La Bosnia torna a far parlare di sé nelle cronache internazionali, e lo fa principalmente in relazione alla torbida storia delle inchieste partite da Milano sui “safari” con cui facoltosi turisti europei venivano portati alle linee serbe, negli anni Novanta, per sparare sulla Sarajevo assediata. Una vicenda che, se confermata, aprirebbe uno squarcio drammatico sulla storia recente, e spesso dimenticata, dell’Europa meridionale, ma che ci consente di leggere la storia della Bosnia-Erzegovina in relazione al mai finito dramma balcanico. Per Sarajevo, anche trent’anni dopo gli accordi di Dayton che formalizzarono l’attuale assetto del Paese, è difficile trovare il confine tra storia e memoria, tra passato e presente.

La Bosnia attuale è figlia di una tregua, non di una pace, è un compromesso perennemente messo sotto scacco da parte di fattori destabilizzanti e intrusioni esterne.

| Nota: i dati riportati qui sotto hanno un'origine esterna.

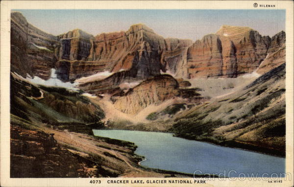 Front: © HILEMAN 4073 CRACKER LAKE, GLACIER NATIONAL PARK 5A-H192 Back: DHP 10 GLACIER PARK HOTEL CO. C. T. ART.COLORTONE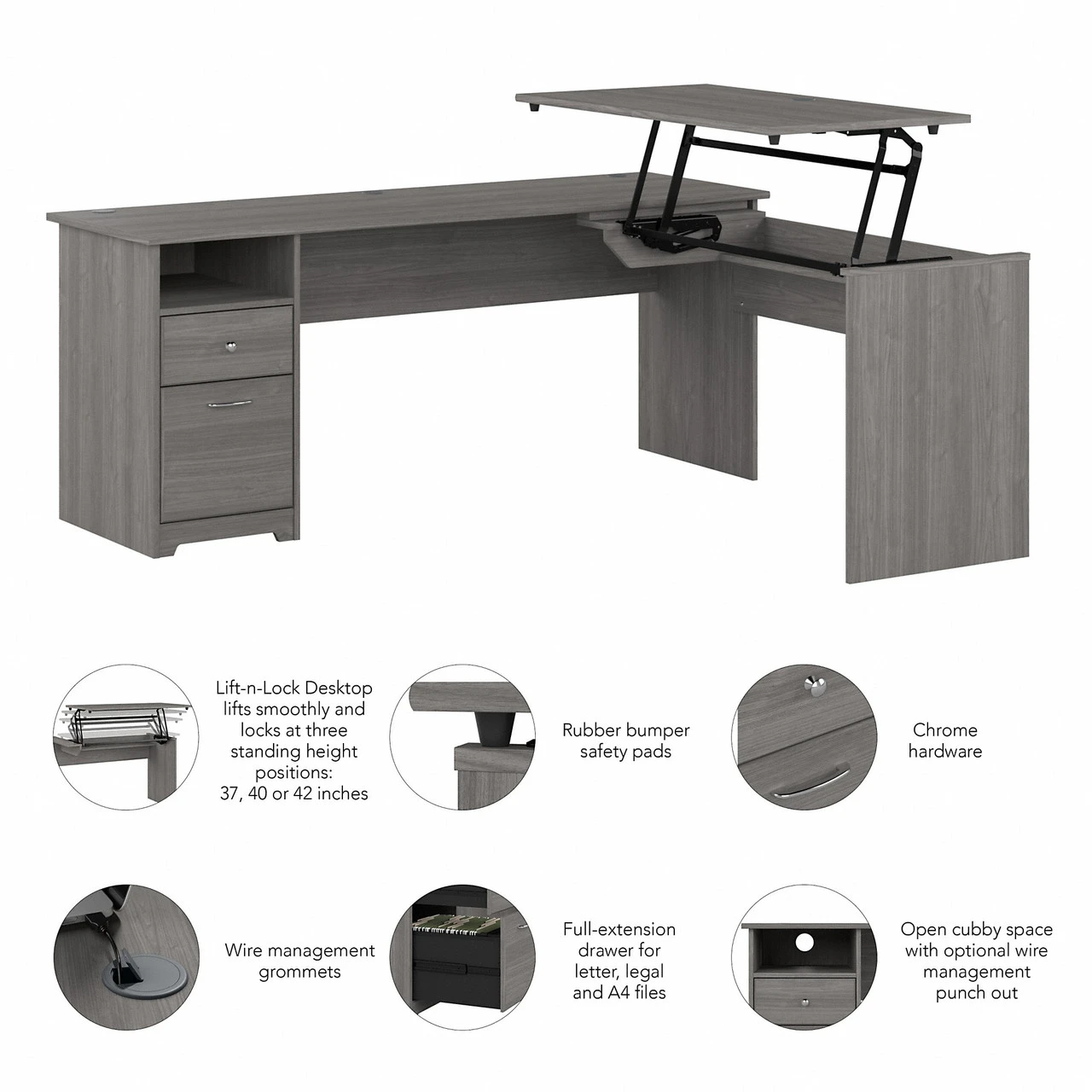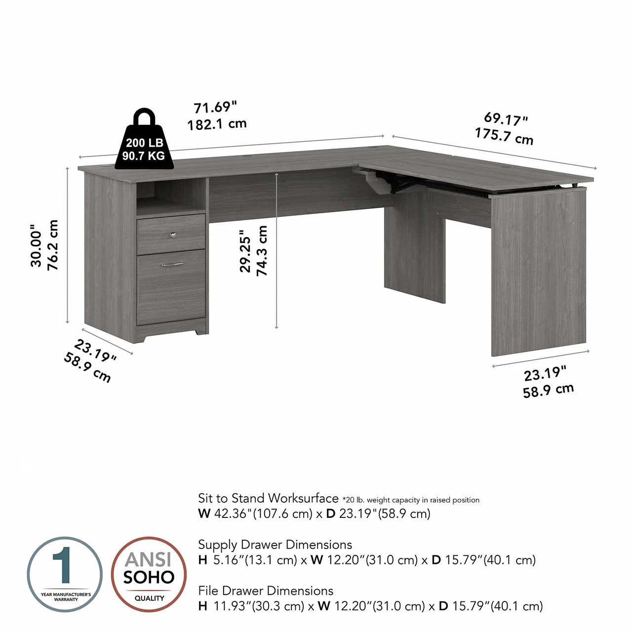 Bush Furniture Cabot Collection 72W L Shaped 3 Position Sit to Stand Desk Modern Gray – CAB050MG

Il 23 novembre si sono tenute le elezioni presidenziali nella Repubblica Srpska, la componente della Bosnia che fa riferimento all’etnia serba, e sono state vinte da Sinisa Karan, delfino del deus ex machina del separatismo serbo-bosniaco Milorad Dodik, in aperto contrasto con l’autorità federale di Sarajevo. Dodik è stato destituito dall’incarico dopo aver ricevuto una condanna per attività anticostituzionale, rifiutandosi dapprima di riconoscere la sentenza e soffiando poi sul fuoco di un velato separatismo. Vicino a Vladimir Putin e alla Russia, Dodik e il suo partito, l’Alleanza dei socialdemocratici indipendenti (Snsd), mettono in dubbio l’unità nazionale bosniaca. E mostrano la fragilità del costrutto degli Accordi di Dayton che trent’anni fa crearono il Paese che oggi conosciamo. In perenne bilico tra un passato tragico e un futuro incerto.